Recent Ruling Helps But Does Not Solve The Wireless Siting Problem

The United States Court of Appeals for the Ninth Circuit recently issued a long-anticipated ruling in League of California Cities, et al. v. Federal Communications Commission and United States of America. This case, brought by several cities and municipal organizations, challenged various elements of a 2020 FCC ruling interpreting the process for permitting wireless facility modifications, commonly known as the “5G Upgrade Order.” The order aimed to expand high-speed wireless service access, particularly in rural areas, by streamlining the jurisdictional approval process.

The crux of the Petitioner’s challenge lies in the FCC’s interpretation of Section 6409 of the 2012 Spectrum Act, which provides:

[A] State or local government may not deny, and shall approve, any eligible facilities request for modification of an existing wireless tower of base station that does not substantially change the physical dimensions of such tower or base station.  

While well-intentioned, this 12-year-old law does not sufficiently address the bureaucratic hurdles hindering the buildout of today’s wireless infrastructure. Thus, the FCC required several rounds of clarification, most recently in 2020.
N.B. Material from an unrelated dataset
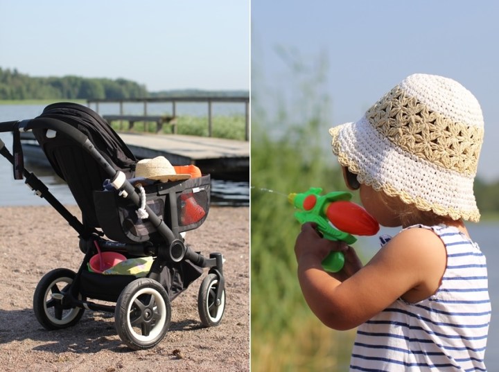 Packade packåsnan full av strandgrejs och skjutsade min dotter ner till stranden. När hon hörde att vi skulle ta nya vagnen skulle cykeln absolut inte med. Det viktigaste att få med var vattenpistolen. Hon tog också några simtag där på privatstranden. På morgonen får vi ofta ha hela stället för oss själva vilket passar en valross och en sprallis riktigt bra.

The good news for the wireless industry is that the court upheld the FCC’s clarifications on siting approval timelines and equipment limitations, which offers some predictability for wireless companies. Specifically:

  • Commencement of the Shot Clock: The 60-day review period for an eligible facilities request (“EFR”), known as the “shot clock,” begins to run when the applicant (a) takes the first procedural step the local jurisdiction requires as part of its review process, and (b) submits written documentation showing a proposed modification qualifies as an eligible facilities request. The FCC Ruling was intended to address delays caused by localities’ requirements that applicants undergo multiple steps (such as a series of pre-application meetings) before deeming an application complete.  The FCC explained that the first step triggering the shot clock must be within the applicant’s control and be objectively verifiable.
  • Calculating when a tower antenna modification is an EFR. To qualify for streamlined permitting, an antenna modification on a tower located outside the public right-of-way must avoid increasing the height of the tower by either (a) more than 10% or (2) the height of the one additional antenna array with separation from the nearest existing antenna not to exceed 20-feet. The 2020 FCC Ruling clarified that “separation from the nearest existing antenna” means the space between the antennas, i.e., the distance from the top of the highest existing antenna on the tower to the bottom of the proposed new antenna to be deployed above it.  Thus, there are two ways to look at the impact of a proposed antenna modification. The first is to look holistically at the tower, considering the impact on tower height. The second is to look at the details of the modification itself, checking the gap size between the end of the existing antenna array and the beginning of the new antenna array. The modification must only satisfy one of these tests to qualify as an EFR. 
  • Calculating when the addition of an equipment cabinet is an EFR. To qualify for streamlined permitting, an equipment cabinet addition must avoid (a) the installation of more than the standard number of new equipment cabinets for the technology involved, not to exceed four cabinets; and (b) for towers in the public right-of-way and base stations, involve the installation of any new equipment cabinets on the ground if there are no pre-existing ground cabinets or else involve installation of ground cabinets that are more than 10% larger in height or overall volume when compared to any other ground cabinet associated with the structure.  The 2020 FCC Ruling clarified that the maximum number of additional equipment cabinets that can be added is measured for each separate EFR and not cumulatively. Additionally, the term “equipment cabinet” refers only to physical containers for smaller, distinctive devices and not to transmission equipment manufactured with outer protective covers, regardless of whether such transmission equipment is visible from the ground. 

However, the court invalidated the FCC’s 2020 Rulemaking establishing whether a modification falls outside the definition of an EFR by defeating a concealment requirement due to the FCC’s failure to follow appropriate process. Specifically: 

  • When a modification substantially changes the physical dimensions of an existing structure by defeating the distinction between a concealment element of an eligible support structure and the conditions associated with siting approval of an eligible support structure.
  • What evidence must the local government show regarding a preexisting condition of approval of a wireless facility? 

The Ninth Circuit’s mixed ruling highlights the ongoing struggle between streamlining deployment and respecting local control. While the ruling offers some clarity, it doesn’t address the core issue: the sometimes painfully slow and unpredictable permitting process for wireless infrastructure. This process delays the expansion of critical networks and hinders America’s digital progress.